# Have you ever seen an Indian person in an interracial relationship before?



## MiriMiriAru (May 1, 2011)

HappyHours said:


> again, get lost and stop posting on my threads, I have asked you many times


Fortunately, you don't get a say in who posts in the threads you start. Particularly when the points they are making are entirely valid.


----------



## avatarphen (Mar 25, 2011)

If no one has said it yet. The Big Bang Theory. (television show)


----------



## benfoldsfive dude (Nov 24, 2009)

Over the summer, I helped out with lighting for an Indian performance for this girl who danced for about two or three hours--I've forgotten the actual term for it, but it is a "coming of age" mass for women; it's like Conformation for Catholics and Bat Mitzvahs for the Jewish. Anyway, after the mass/performance, there was catered Indian food, and many interracial couples were in line for food or at a table.


----------



## Sina (Oct 27, 2010)

@ OP, quite the explosion of similar threads yeah? 

Anyway, yes, I am half Kashmiri half Iranian dating a Black guy as you know. I have, in the past, dated Caucasian (English), Latino (he was Cuban), Indian and Middle-Eastern (Moroccan) men. One of my Indian cousins is married to a guy who is biracial- Chinese and caucasian. 

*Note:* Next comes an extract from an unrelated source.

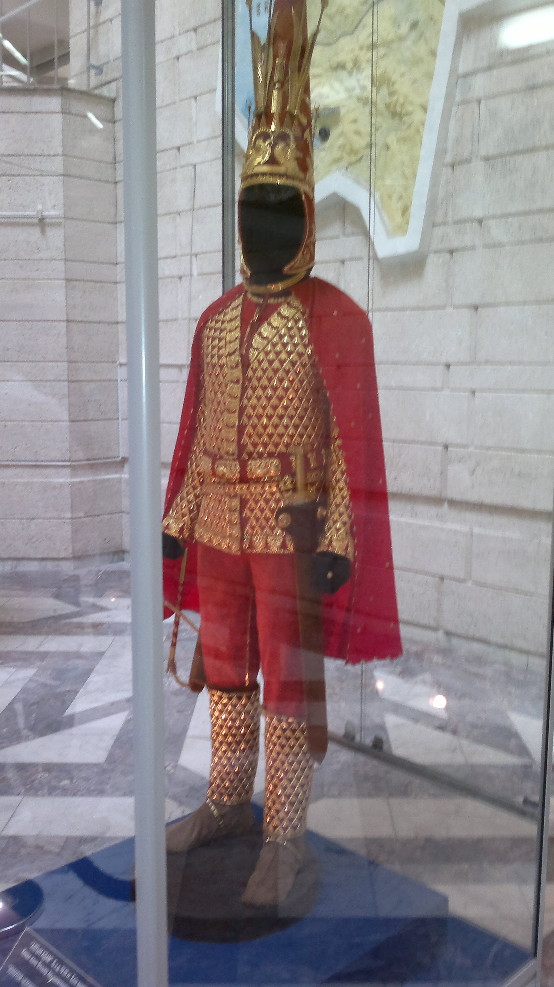 Golden Man in Central State Museum of the Republic of Kazakhstan

An aunt back in England is married to a biracial man- black South African and Hispanic. They got married in the late 70s, and it was quite the unconventional marriage for its time. It's still a big deal for some of my British Asian family members. They need to get the fuck over it, btw. My aunt and her husband have a rock solid marriage and 2 gorgeous daughters.


----------



## Kestrel (Jun 22, 2011)

The answer is no, no woman is ever going to love you.


----------



## HappyHours (Sep 16, 2011)

Kestrel said:


> The answer is no, no woman is ever going to love you.


so wait, I have some hate group growing against me now? jeez, chill out


----------



## MiriMiriAru (May 1, 2011)

HappyHours said:


> so wait, I have some hate group growing against me now? jeez, chill out


It's not a hate group. It's a truth group. If you intend on treating women as animated sex toys, then expect to be a rather hated fellow.


----------



## absent air (Dec 7, 2010)

Zombie Jesus said:


> It's not a hate group. It's a truth group. If you intend on treating women as animated sex toys, then expect to be a rather hated fellow.


Zombie Jesus for president!


----------



## HappyHours (Sep 16, 2011)

oh so you guys hate players

"oooo OP we just want you to be the guy that bends backwards for women and treats them like queens while they cheat on him every chance he gets"

ain't happening, moving out of this town soon and getting my chance, 

HATERS GONNA HATE!


----------



## Kestrel (Jun 22, 2011)

HappyHours said:


> oh so you guys hate players
> 
> "oooo OP we just want you to be the guy that bends backwards for women and treats them like queens while they cheat on him every chance he gets"
> 
> ...


It's cute how you're acting all 'big man', not caring what others think of you because you're so secure in your awesomeness, while making a bunch of idiotic discussion threads on the internet for self-affirmation.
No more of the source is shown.